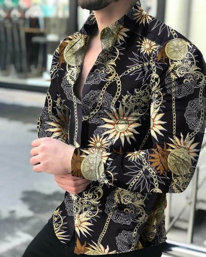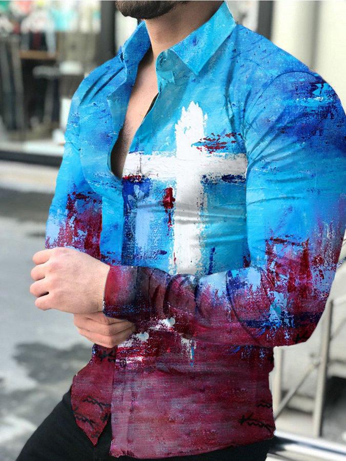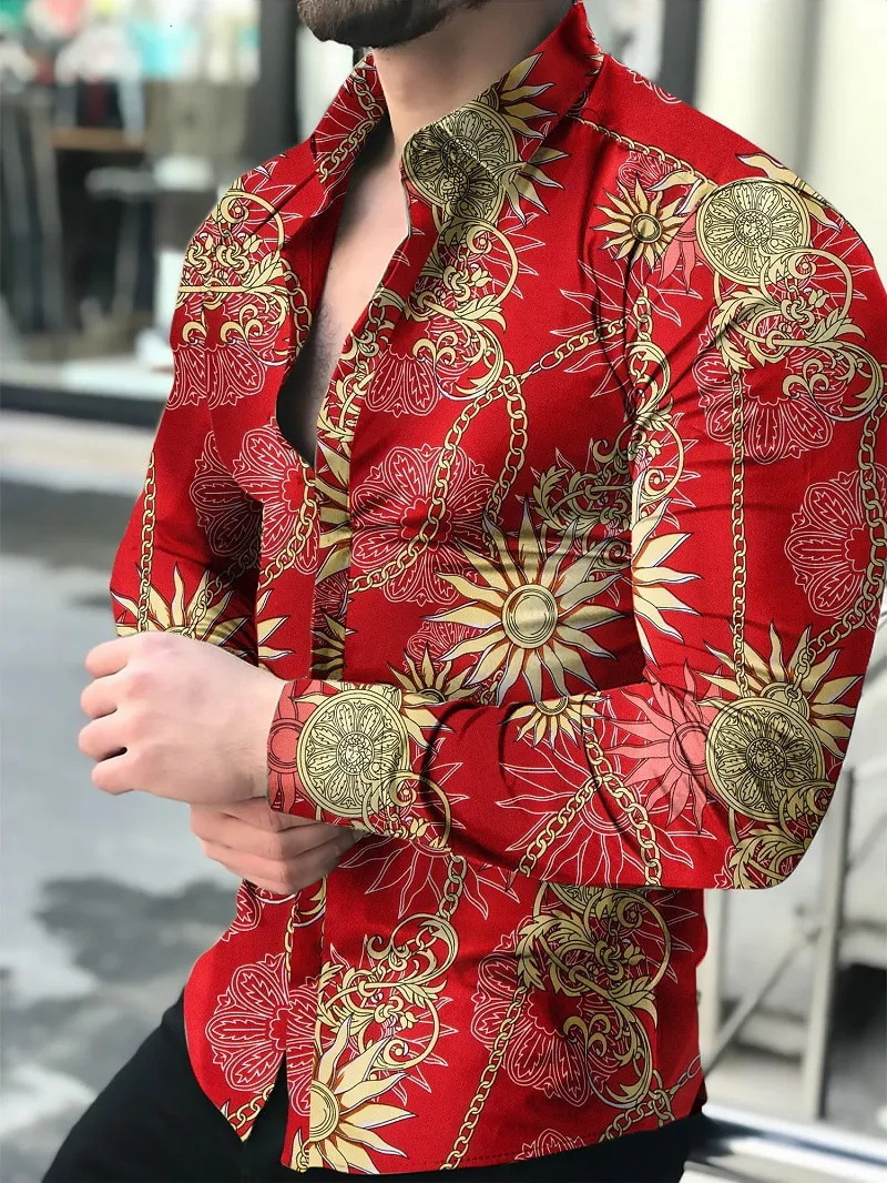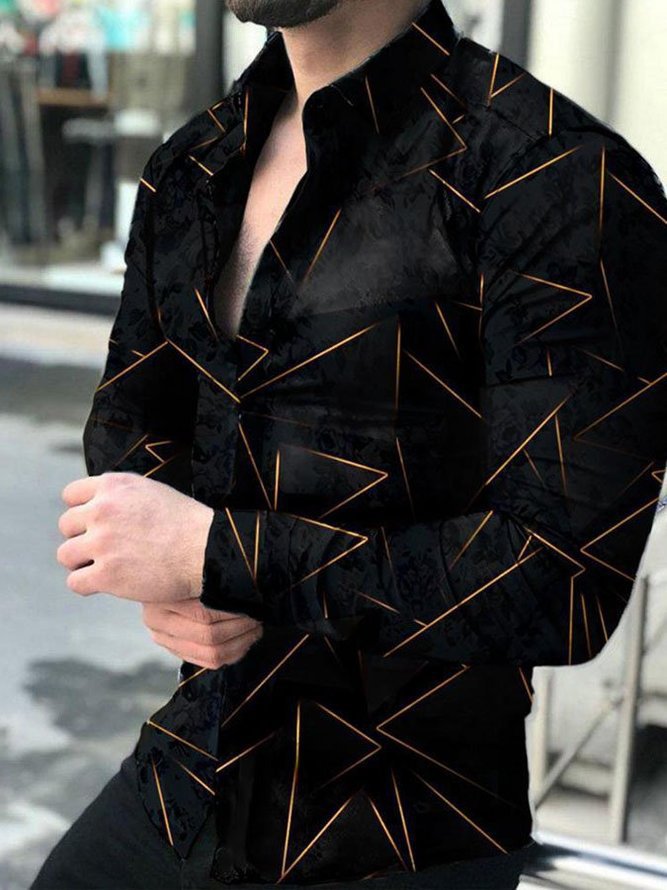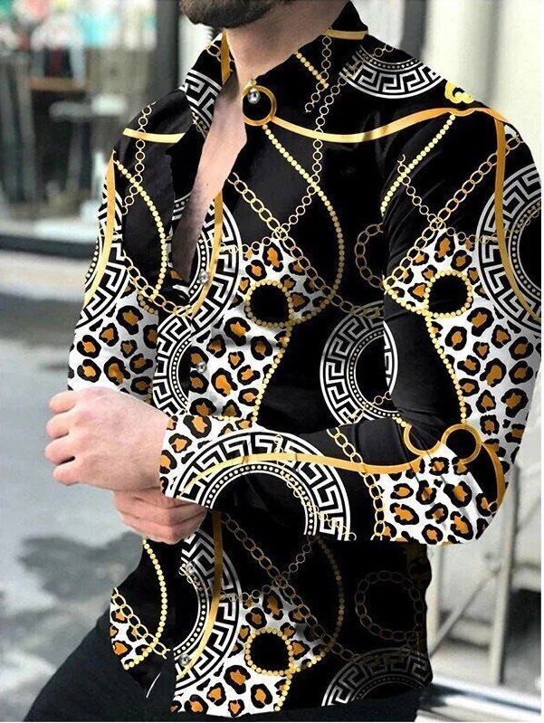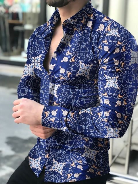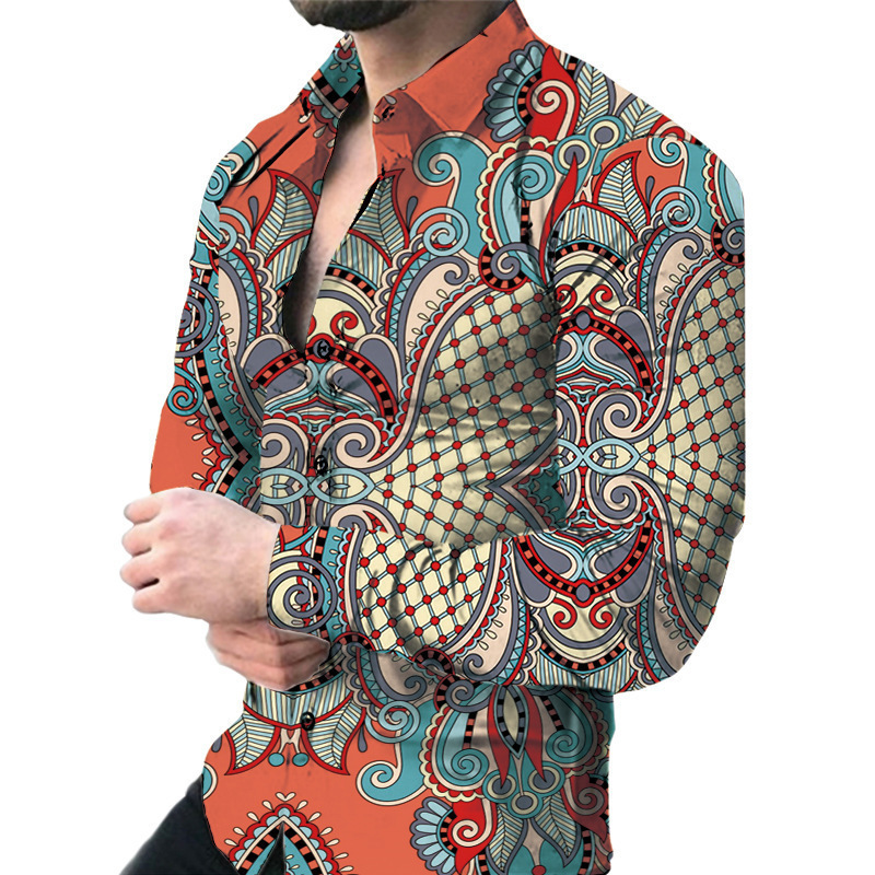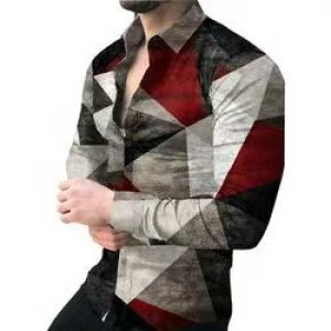 아마존 유럽과 미국 국경 3D 인쇄 남성 패션 기하학적 인쇄 패션 긴 소매 슬림 셔츠 남성
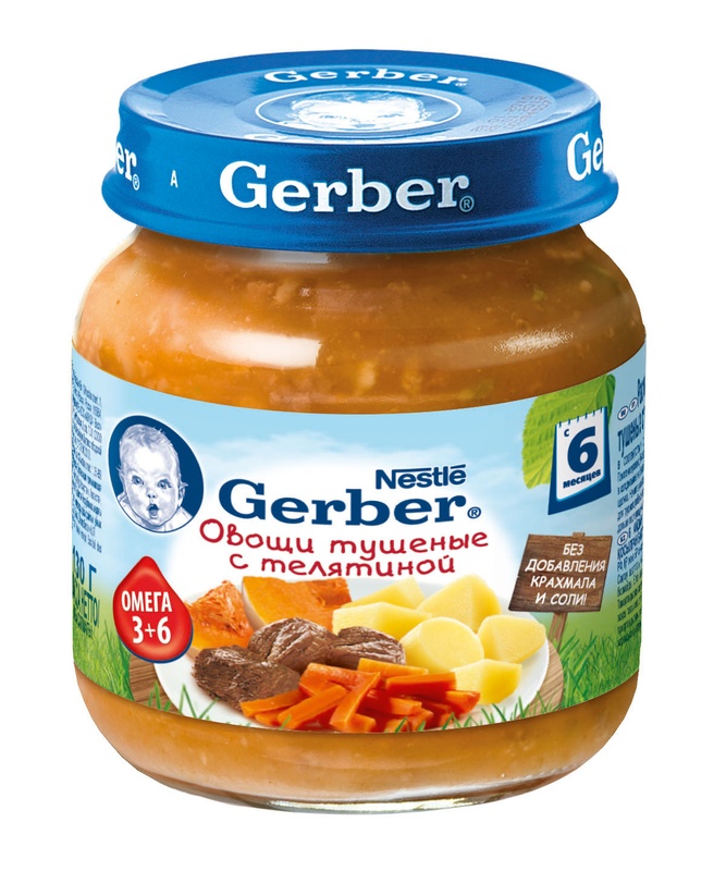Пюре Гербер Овощи тушеные с телятиной 130 г.
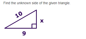 Find the unknown side of the given triangle.
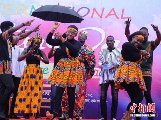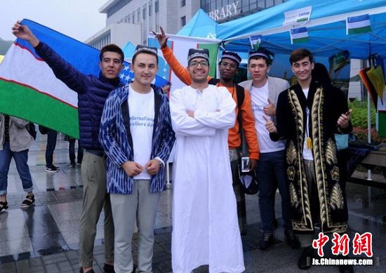 5月25日傍晚,南京邮电大学举办首届国际文化节,来自俄罗斯、吉尔吉斯斯坦、孟加拉国、哈萨克斯坦、赤道几内亚、刚果(金)、刚果(布)等28个国家的100余名留学生和中国学生一道,以歌舞、书法、民族乐器弹奏、美食品尝等为媒,分享各自地区的歌舞和特色美食,交流各国多姿多彩的民族文化。
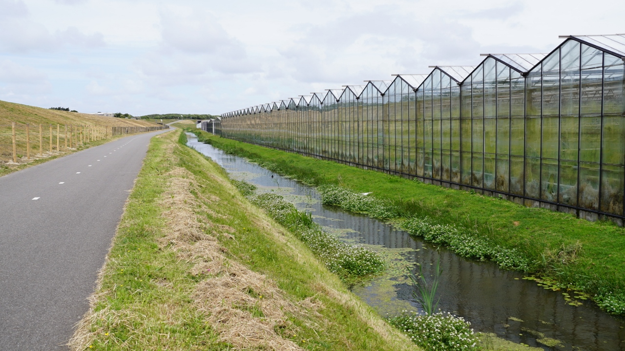 aber der Nordseeküstenradweg ist natürlich nicht der kürzeste. Unser Weg führt uns wieder durch Dünenlandschaft und entlang an endlosen Gewächshäusern; irgendwo

::::::::

### What the exercise asks
Please keep every line of the data the same when you reproduce it, and keep every picture out.

### The completed task
 아마존 유럽과 미국 국경 3D 인쇄 남성 패션 기하학적 인쇄 패션 긴 소매 슬림 셔츠 남성
Пюре Гербер Овощи тушеные с телятиной 130 г.
 Find the unknown side of the given triangle.
 5月25日傍晚,南京邮电大学举办首届国际文化节,来自俄罗斯、吉尔吉斯斯坦、孟加拉国、哈萨克斯坦、赤道几内亚、刚果(金)、刚果(布)等28个国家的100余名留学生和中国学生一道,以歌舞、书法、民族乐器弹奏、美食品尝等为媒,分享各自地区的歌舞和特色美食,交流各国多姿多彩的民族文化。
 aber der Nordseeküstenradweg ist natürlich nicht der kürzeste. Unser Weg führt uns wieder durch Dünenlandschaft und entlang an endlosen Gewächshäusern; irgendwo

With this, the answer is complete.